In general, pre- and postconditions in JML are written using an extended form of Java expressions. In this case, the only extension visible is the keyword \result, which is used in the postcondition to denote the value returned by the method. The type of \result is the return type of the method; for example, the type of \result in isqrt is int. The postcondition says that the result is an integer approximation to the square root of y. The first conjunct on line 6, 0 <= \result say that the result is non-negative. The second and third conjuncts state that the result is an integer approximation to the square root of the argument y. The second conjunct, on line 7, says that the result squared is no larger than the argument, y. The third conjunct, on lines 8--9, is an implication; it has two expressions connected by ==>, which means implication in JML. This implication says that if the result plus one squared is non-negative, then the result plus one squared is strictly larger than y.(5) Note that the behavioral specification does not give an algorithm for finding the square root.

Method specifications may also be written in Java's documentation comments. The following is an example. The part that JML sees is enclosed within the HTML "tags" <jml> and </jml>.(6) As in this example, one can use surrounding tags <pre> and </pre> to tell javadoc to ignore what JML sees, and to leave the formatting of it alone. The <pre> and </pre> tags are not required by JML tools (including jmldoc, which does a better job of formatting specifications than does javadoc).

public class IntMathOps4 { /** Integer square root function. * @param y the number to take the root of * @return an integer approximating * the positive square root of y * <pre><jml> * public normal_behavior * requires y >= 0; * assignable \nothing; * ensures 0 <= \result * && \result * \result <= y * && ((0 <= (\result + 1) * (\result + 1)) * ==> y < (\result + 1) * (\result + 1)); * </jml></pre> **/ public static int isqrt(int y) { return (int) Math.sqrt(y); } }

Because we expect most of our users to write specifications in Java code files, most of our examples will be given as annotations in `.java' files as in the specifications above. However, it is possible to use JML to write documentation in separate, non-Java files, such as the file `IntMathOps2.jml-refined' below. Since these files are not Java program files, JML requires the user to omit the code for concrete methods in such a file (except that code for "model" methods can be present, see section 2.3.1 Purity). The specification below shows how this is done, using a semicolon (;), as in a Java abstract method declaration.

//@ model import org.jmlspecs.models.*; public /*+@ spec_bigint_math @+*/ class IntMathOps2 { /*@ public normal_behavior @ requires y >= 0; @ assignable \nothing; @ ensures -y <= \result && \result <= y; @ ensures \result * \result <= y; @ ensures y < (Math.abs(\result) + 1) @ * (Math.abs(\result) + 1); @*/ public static int isqrt(int y); }

Besides files with suffixes of `.jml-refined' or `.jml', JML also works with files with the suffixes `.spec' and `.spec-refined'. All these files use Java's syntax, and one must use annotation markers just as in a `.java' file. However, since these kinds of files files are not Java files, in such a file one must also omit the code for concrete, non-model methods.

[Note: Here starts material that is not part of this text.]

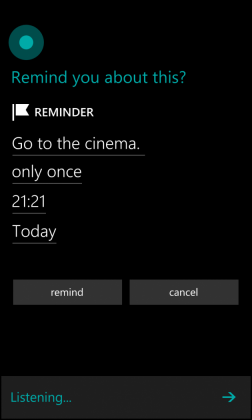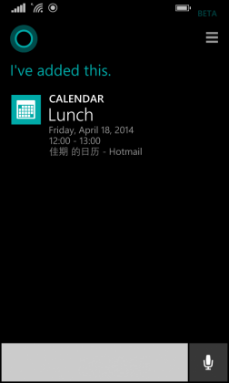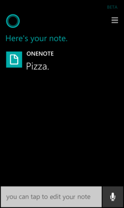 除此之外,用户也能直接从语音的第一步告诉cortana并记录笔记内容,如:“Take a note:pizza.”或者“Note:I must get up at 5:30 AM.”等等。

The specification of IntMathOps2 below is written in spec_bigint_math mode [Chalin04]. This means that integer mathematics inside the specifications in the class IntMathOps2 are done in infinite precision arithmetic, instead of the usual Java arithmetic. This leads to a simpler specification, especially in the ensures clause.(7)

The above specification also demonstrates that ensures clauses can be repeated in a specification. In IntMathOps2's specification of isqrt, there are three ensures clauses; all of them must be satisfied. Thus the meaning is the same as the conjunction of all of the postconditions specified in the individual ensures clauses. This specification is also more underspecified than the specifications given previously, as it allows negative numbers to be returned as results.

The above specification would be implemented in the file `IntMathOps2.java', which is shown below. This file contains a refine clause, which tells the reader of the `.java' file what is being refined and the file in which to find its specification.

//@ refine "IntMathOps2.jml-refined"; //@ model import org.jmlspecs.models.*; public class IntMathOps2 { public static int isqrt(int y) { return (int) Math.sqrt(y); } }

To summarize, a behavioral interface specification describes both the interface details of a module, and its behavior. The interface details are written in the syntax of the programming language; thus JML uses the Java declaration syntax. The behavioral specification uses pre- and postconditions.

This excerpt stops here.